State the theorem of Pythagoras concerning the three sides of a right-angled triangle.
Pythagoras’s theorem states that, if we are given a right-angled triangle with sides \(a, b\) and \(c\), where \(c\) is the side opposite the right angle, then \[ a^2 + b^2 = c^2. \]
In fact the converse to this is true also, so we can say that a triangle with sides \(a, b\) and \(c\), where \(c\) is the longest side, is right-angled if and only if \(a^2 + b^2 = c^2.\)
The diagram shows an isosceles triangle \(ABC\) right-angled at \(B\). Semicircles \(S_1\) and \(S_2\) are drawn on \(AB\) and \(AC\) as diameter, as shown.
- Explain why \(S_2\) passes through \(B\).
We know the circle theorem, ‘The angle in a semicircle is a right angle’. We are given here that \(AC\) is a diameter of \(S_2\), and that \(B\) is a right angle. If \(B\) is inside \(S_2\), then we can find a point \(B'\) on \(S_2\) where the angle \(AB'C\) is less than a right angle, which is a contradiction.
Similarly, if \(B\) is outside \(S_2\), then we can find a point \(B'\) on \(S_2\) where the angle \(AB'C\) is more than a right angle, which is also a contradiction. Thus \(B\) is on \(S_2\).
Or alternatively we can say that \(AB = BC, \quad AO = OC\) (where \(O\) is the centre of \(S_2\)), and angle \(BAO\) equals angle \(BCO\), and so the triangles \(ABO\) and \(BCO\) are congruent right-angled isosceles triangles.
This means \(AO = BO\) = radius of \(S_2\), and \(B\) must be on the semicircle.
- If \(AB = \quantity{2x}{cm}\), show that the area shaded vertically is \(\quantity{\tfrac{1}{2}(\pi - 2)x^2}{cm^2}\).
We’ll begin with the following two diagrams.
We can write \[ \text{area of the vertically-shaded region} = \text{area of the blue region} - \text{area of the red region}. \]
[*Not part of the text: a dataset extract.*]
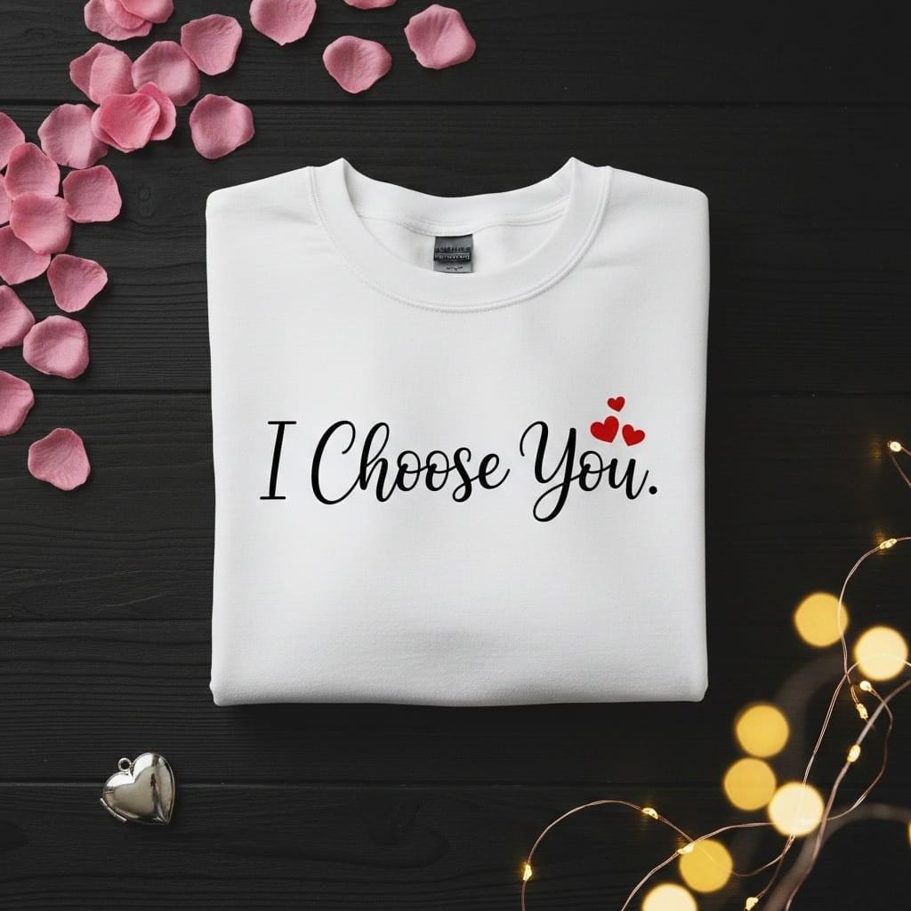 Celebrate your intentional love with a pop of color using this "I Choose You" elegant digital design; a minimalist and deeply romantic masterpiece featuring vibrant red hearts crafted to be a sentimental gift for your boyfriend or a heartfelt gift for your girlfriend this Valentine's Day; the beautiful black cursive script is perfectly accented by four dainty red hearts, capturing the essence of a joyful and conscious lifelong commitment; it is the perfect choice for those seeking a sophisticated yet playful gift for their lover that feels both modern and celebratory; this high-resolution transparent PNG is ideal for premium sublimation on white t-shirts, romantic throw pillows, personalized anniversary mugs, and custom Valentine's cards; whether you are celebrating a new engagement or years of happy marriage, this versatile script clipart ensures a professional and high-end finish for all your DIY projects; its clean composition and touch of color make it a standout addition to any "romantic aesthetic" or "holiday craft" collection; perfect for adding a touch of calligraphic charm and radiant love to your creative product line (digital product only; colors may vary slightly by screen and printer).

The blue region is a quarter of the area of the circle that includes \(S_2\). We know that \(\triangle AOB\) is an isosceles triangle, with \(AB\) as the hypotenuse. Since \(AB\) has length \(2x\), and since \(OA=OB=r\), where \(r\) is the radius of \(S_2\), by Pythagoras’ theorem we know that \[ (2x)^2 = OA^2 + OB^2 = 2r^2, \] which implies that \(r^2 = 2x^2\). Thus \[\begin{align*} \text{area of the blue region} &= \frac{1}{4} \times \text{area of the circle} \\ &= \frac{1}{4} \times \pi r^2\\ &= \frac{\pi x^2}{2}. \end{align*}\] The red region is an isosceles, right-angled triangle, so \[\begin{align*} \text{area of the red region} &= \frac{1}{2} \times \text{base} \times \text{height} \\ &= \frac{1}{2} r^2 \\ &= x^2. \end{align*}\] So we have \[\begin{align*} \text{area of the vertically-shaded region} &= \frac{\pi x^2}{2} - x^2 \\ &= \quantity{\frac{1}{2} \left( \pi - 2 \right) x^2}{cm^2}. \end{align*}\]- Prove that the area shaded horizontally is half the area of the triangle \(ABC\).
It is easy to see the area of \(\triangle ACB\) is \(\quantity{2x^2}{cm^2}\), which is twice the area of the horizontally-shaded region.